Their surveys are then used to help manoeuvre satellites through debris fields. Currently every one or two months a satellite is moved out of the path of floating space junk.
Another part of the team's work involves making the space community more aware of how serious the environmental problem really is.
"It's like waste management here on Earth. We come across waste dumped 15 years ago which people didn't know about," the researcher said.
According to Schildknecht, there is growing awareness among the space agencies, which have started to force commercial operators to stick to minimum guidelines. The ultimate goal is to come up with a code of conduct to limit the amount of debris created by space missions.
At certain altitudes – 800-1,000km – the problem is getting worse, he said, as there are lots of satellites and over time they may shed debris.
Most of this will gradually rain down and will end up in lower altitudes before entering the atmosphere.
"The major part of the problem is not the risk to Earth but to space missions themselves," he said.
But Lottie Williams from Tulsa, Oklahoma, probably wouldn't agree with Schildknecht.

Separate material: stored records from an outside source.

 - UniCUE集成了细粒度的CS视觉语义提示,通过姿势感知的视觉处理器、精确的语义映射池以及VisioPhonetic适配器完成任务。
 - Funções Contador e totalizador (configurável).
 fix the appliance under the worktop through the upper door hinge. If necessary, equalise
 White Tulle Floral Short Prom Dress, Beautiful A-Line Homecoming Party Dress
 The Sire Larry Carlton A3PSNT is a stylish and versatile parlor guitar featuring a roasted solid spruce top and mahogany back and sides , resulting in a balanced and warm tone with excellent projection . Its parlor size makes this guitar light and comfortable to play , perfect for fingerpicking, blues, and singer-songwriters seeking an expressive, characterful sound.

Williams is on record as the first – and only – person to be hit by man-made space debris. On January 22, 1997, while walking in a park in Tulsa, she was hit on the shoulder by a 15cm piece of metal later confirmed to be part of the fuel tank of a Delta II rocket which had launched a US air force satellite in 1996. Fortunately Williams was not injured.
swissinfo, Simon Bradley
The US Space Surveillance Network monitors around 12,000 pieces of debris larger than ten centimetres. But the majority of debris objects remain unobserved.
According to a European Space Agency (ESA) model, there are more than 600,000 objects larger than 1cm in orbit. Information on space debris is collected by US, Russian and European radar and optical systems and used to validate models of the debris environment.

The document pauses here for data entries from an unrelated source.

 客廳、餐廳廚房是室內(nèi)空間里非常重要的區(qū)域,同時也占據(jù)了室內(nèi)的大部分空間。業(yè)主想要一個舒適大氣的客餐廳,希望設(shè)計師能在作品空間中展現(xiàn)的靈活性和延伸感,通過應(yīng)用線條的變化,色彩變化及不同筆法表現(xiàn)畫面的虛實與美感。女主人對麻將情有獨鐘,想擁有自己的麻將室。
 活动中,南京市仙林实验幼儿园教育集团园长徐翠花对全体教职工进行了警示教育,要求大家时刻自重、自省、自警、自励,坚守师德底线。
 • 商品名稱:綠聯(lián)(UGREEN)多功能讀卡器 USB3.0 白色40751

In collaboration with the ESA, Bern University's Astronomical Institute has been tracking space junk and carrying out space debris surveys over the past eight years.
The five-person Swiss team uses optical telescopes located in Tenerife and at Zimmerwald, near Bern, to search for and monitor junk found mostly at high altitudes – 20,000-36,000km.
Space junk, or space debris, is any artificial rubbish orbiting the Earth. It consists of: jettisoned spacecraft parts, nuts and bolts, solar cells, abandoned satellites, paint chips, nuclear reactor cores, spent rocket stages and solid fuel fragments.
Hundreds of thousands of pieces of space junk are currently orbiting the Earth. However, all but 12,000 of these are smaller than a tennis ball.
This debris silently zips around the globe at speeds of up to 35,000km/h with altitudes ranging from hundreds to thousands of kilometres. At this speed, collisions, even with small pieces of junk, can be dramatic.
Explosions or collisions blast the objects into smaller pieces, increasing the number of objects further. Historically, the creation rate of debris has outpaced the removal rate, leading to a net growth in the debris population in low Earth orbit at an average rate of approximately five per cent per year.
The first confirmed collision with a satellite came in 1996, when a piece of drifting junk knocked the boom off the French satellite Cerise.
Current measures to improve the space junk problem include: the passivation of spent rocket stages by the release of residual fuels; taking satellites out of orbit at the end of their operational life; putting satellites in a graveyard orbit where no operational satellites are present.